Initial release: FormBench TAPT-MNRL model (anonymised for review)

bb6c076 verified about 1 month ago

3.86 kB

	---
	license: apache-2.0
	base_model: Alibaba-NLP/gte-large-en-v1.5
	library_name: sentence-transformers
	tags:
	- sentence-transformers
	- feature-extraction
	- sentence-similarity
	- formbench
	- patent-retrieval
	- chemistry
	- formulations
	- materials-science
	language:
	- en
	pipeline_tag: sentence-similarity
	---

	# gte-large-formbench-mnrl

	A domain-adapted sentence-transformers model derived from
	[`Alibaba-NLP/gte-large-en-v1.5`](https://huggingface.co/Alibaba-NLP/gte-large-en-v1.5) and fine-tuned on the FormBench
	retrieval benchmark for formulation chemistry.
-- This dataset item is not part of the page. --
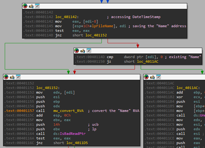 After that it makes some checks to see if the field TimeDateStamp in _IMAGE_IMPORT_DESCRIPTOR is not zero as well as we have a valid name RVA value. Then, if it’s non zero, it will convert the “Name” RVA to the linear file address.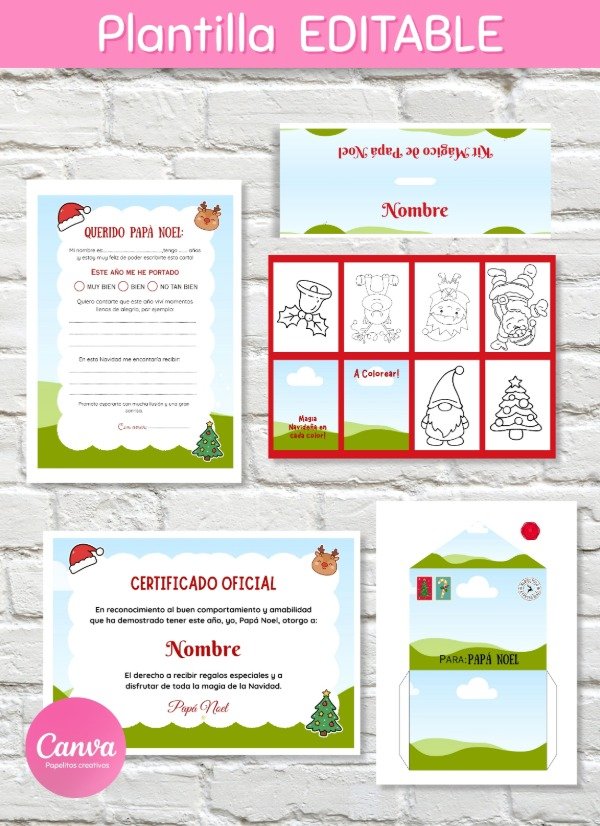 KIT CARTA A PAPÁ NOEL – EDITABLE EN CANVA

It maps passages from formulation patents
	into a 1024-dimensional dense vector space and is optimised for within-domain
	retrieval among structurally similar near-miss passages — the central capability targeted
	by FormBench.

	This repository hosts an anonymised release for NeurIPS 2026 double-blind review.

	## Model details

	\| Item \| Value \|
	\|---\|---\|
	\| Base model \| `Alibaba-NLP/gte-large-en-v1.5` (434M params) \|
	\| Training method \| Task-adaptive pre-training (TAPT) via contrastive fine-tuning \|
	\| Loss \| `MultipleNegativesRankingLoss` (in-batch negatives) \|
	\| Training data \| FormBench-Triplets — 44,413 (query, anchor, hard-negative) tuples \|
	\| Embedding dimension \| 1024 \|
	\| Max sequence length \| 8192 (training: 2048) \|
	\| Precision \| bf16 \|
	\| Learning rate \| 1e-5 \|
	\| Per-GPU batch size \| 64 \|
	\| Epochs \| 5 \|
	\| Hardware \| 8× AMD MI250X, DDP \|

	The training-triplet set is reconstructable from the qrel files in
	[`Formbench-anon/FormBench`](https://huggingface.co/datasets/Formbench-anon/FormBench)
	following the protocol in §3 of the paper.

	## Evaluation results

	Evaluated on the FormBench test split (n = 5,459 queries) under both corpus variants,
	following the protocol in §4 of the paper. FAISS exact inner-product search at top-k = 100.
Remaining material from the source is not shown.